Judge rules Michigan school board violated Open Meetings Act by muting parent in virtual meeting

Muskegon County Circuit Court Judge William Marietti has ruled in favor of a parent who sued the Mona Shores Board of Education and Stan Miller, the board’s president, for muting him during the public comment portion of a virtual meeting on Aug. 5, 2020.

As reported by MLive, Daniel Olson, who has two students in the district, was muted by Miller twice and prohibited from speaking. Olson had wanted to publicly speak out against board member Wesley Wilson over their 2018 larceny charge. Olson was demanding action be taken to remove him. While the board did censure Wilson and call for his resignation a week after the meeting, Wilson never resigned from the board and his term expires in December 2022.

Judge Marietti ruled that Miller and the school board violated the Open Meetings Act and Olson’s First Amendment rights by denying him the opportunity to speak during public comment, MLive reports.

However, Marietti found that Miller was acting in “mistaken good faith belief” and did not intentionally violate the law by telling Olson to submit a written statement about his concerns regarding the board member.

Both the school board and Miller have objected to the ruling but have not shared anything specific.

“We will review our options after a final order is entered,” Miller told MLive/The Muskegon Chronicle in an email on Thursday. “The objection we filed was to the plaintiff’s draft of a final order; the court is now considering that draft and our objection. The case is still pending, and we do not comment on pending litigation.”

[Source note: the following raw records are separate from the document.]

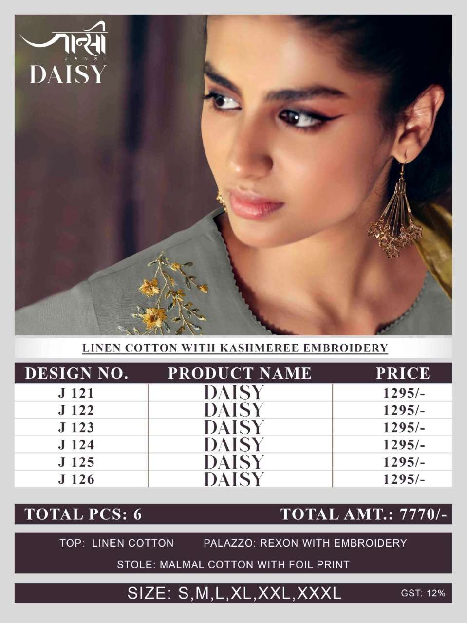 By Omtex Jansi Launches its NEW Ready to wear collection "Daisy" FABRIC! KURTI - Linen Cotton. EACH DESIGN IS ENRICHED WITH EMBROIDERIES. PALLAZZOS - Rexon with Embroidery DUPPATA: Malmal with Foil print... RATE - Rs 1295/- Total STYLES 6 Booking started |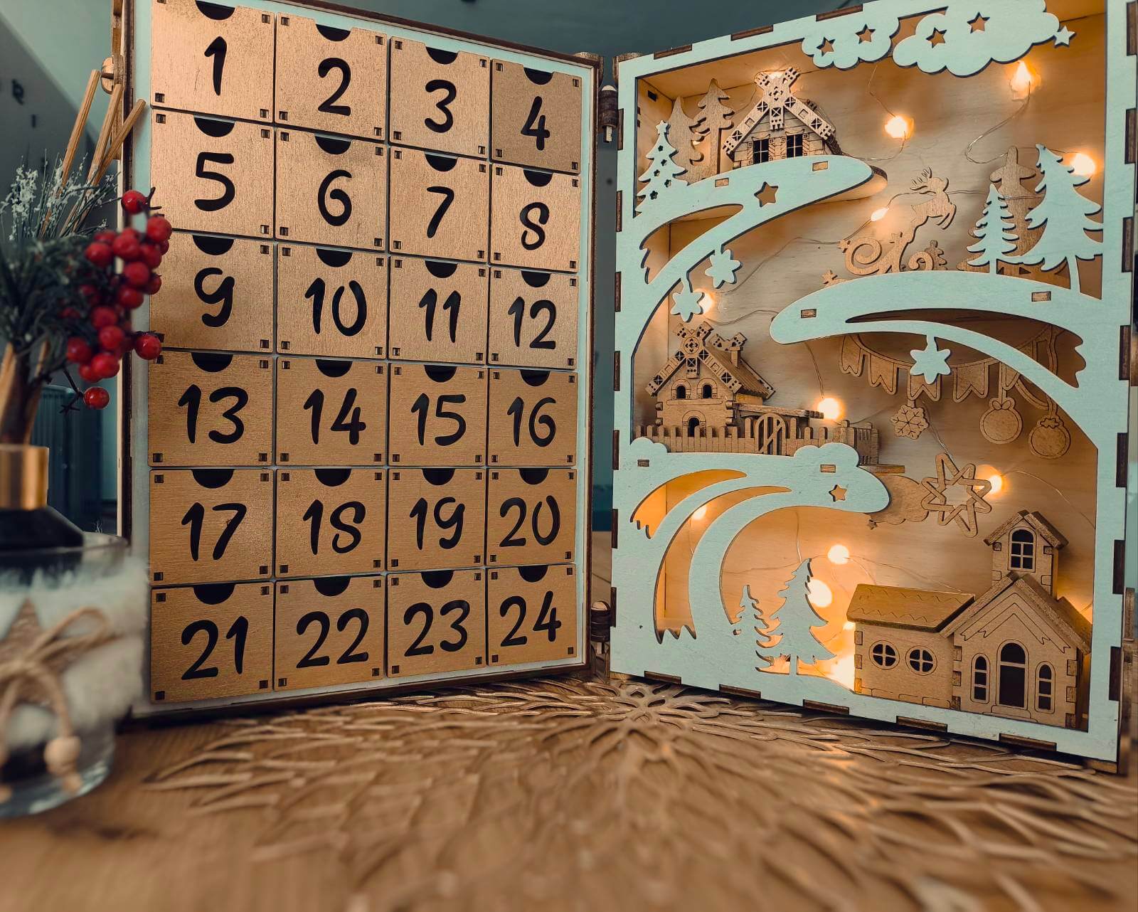 Stwórz magiczny klimat oczekiwania na Święta dzięki unikalnemu, drewnianemu kalendarzowi adwentowemu z podświetleniem LED! To pięknie wykonane rękodzieło nie tylko wprowadzi świąteczny nastrój do Twojego domu, ale także pozwoli na odliczanie dni do Gwiazdki w wyjątkowym stylu.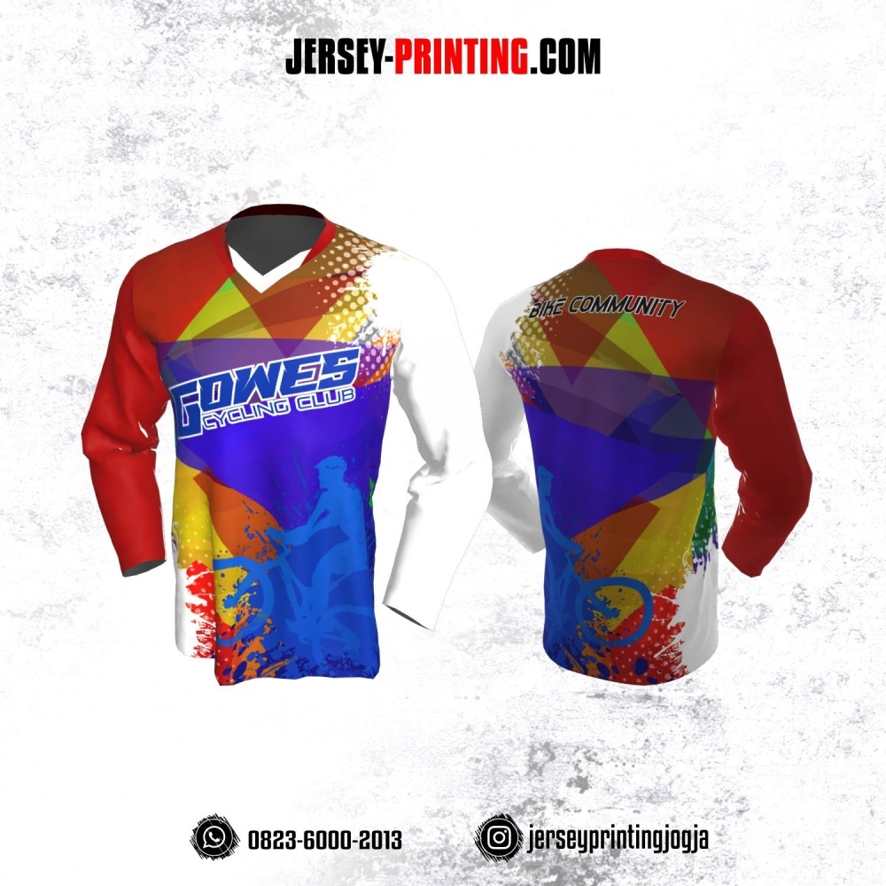 Jersey Gowes Sepeda Merah Biru Ungu Lengan Panjang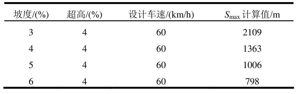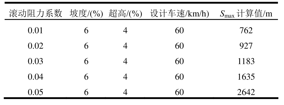 滚动阻力系数 坡度/(%) 超高/(%) 设计车速/km/h) Smax计算值/m 0.01 6 4 60 762 0.02 6 4 60 927 0.03 6 4 60 1183 0.04 6 4 60 1635 0.05 6 4 60 2642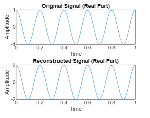 - The real part of the original and reconstructed signals is plotted for comparison.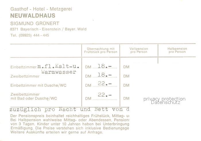 73660377 Bayerisch Eisenstein Gasthof Hotel Neuwaldhaus Restaurant Panorama postalisch nicht gelaufen Werbekarte (keine Postkarte) Erhaltung siehe scans [FriedD77] KatCode: 11110009276115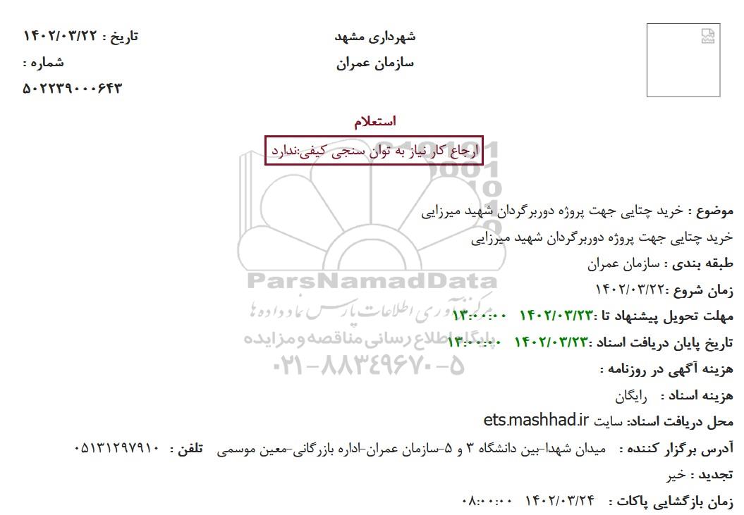 موضوع : خرید چتایی جهت پروژه دوربرگردان شهید میرزایی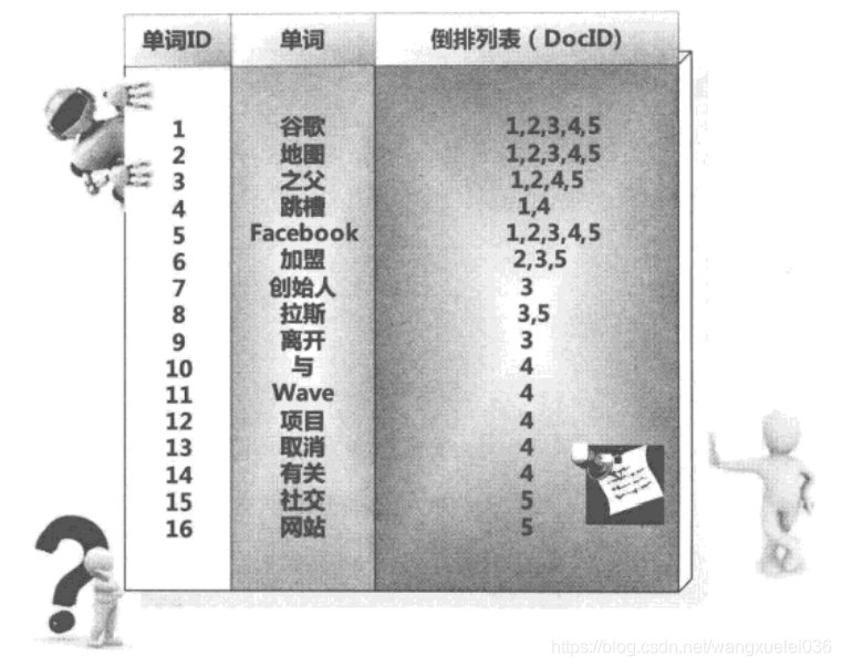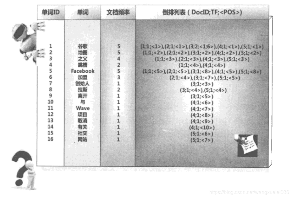 中文和英文等语言不同,单词之间没有明确分隔符号,所以首先要用分词系统将文档自动切分成单词序列。这样每个文档就转换为由单词序列构成的数据流,为了系统后续处理方便,需要对每个不同的单词赋予唯一的单词编号,同时记录下哪些文档包含这个单词,在如此处理结束后,我们可以得到最简单的倒排索引(参考图3-4)。在图4中,“单词ID”一栏记录了每个单词的单词编号,第二栏是对应的单词,第三栏即每个单词对应的倒排列表。比如单词“谷歌”,其单词编号为1,倒排列表为{1,2,3,4,5},说明文档集合中每个文档都包含了这个单词。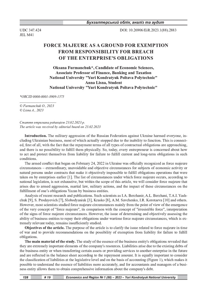 Force majeure as a basis for exemption from liability for breach of obligations of the enterprise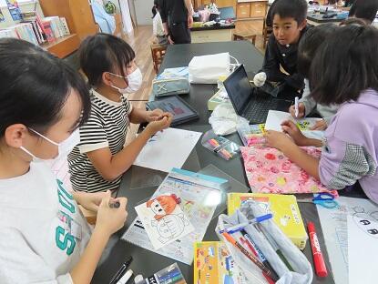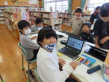 イラストクラブではタブレットを活用していました。ICTのおかげで、上手な作品がたくさんできていました。

The judge granted Olson’s request for injunctive relief and also ordered the board to pay for Olson’s legal fees, but denied Olson’s request for damages.

“I’m a taxpayer in the community,” Olson said. “I have kids in this school. And I want to make sure that the taxpayers in the community are protected. When somebody wants to speak regarding a matter of public concern, they have a constitutionally protected right to speak and a statutory right to speak.”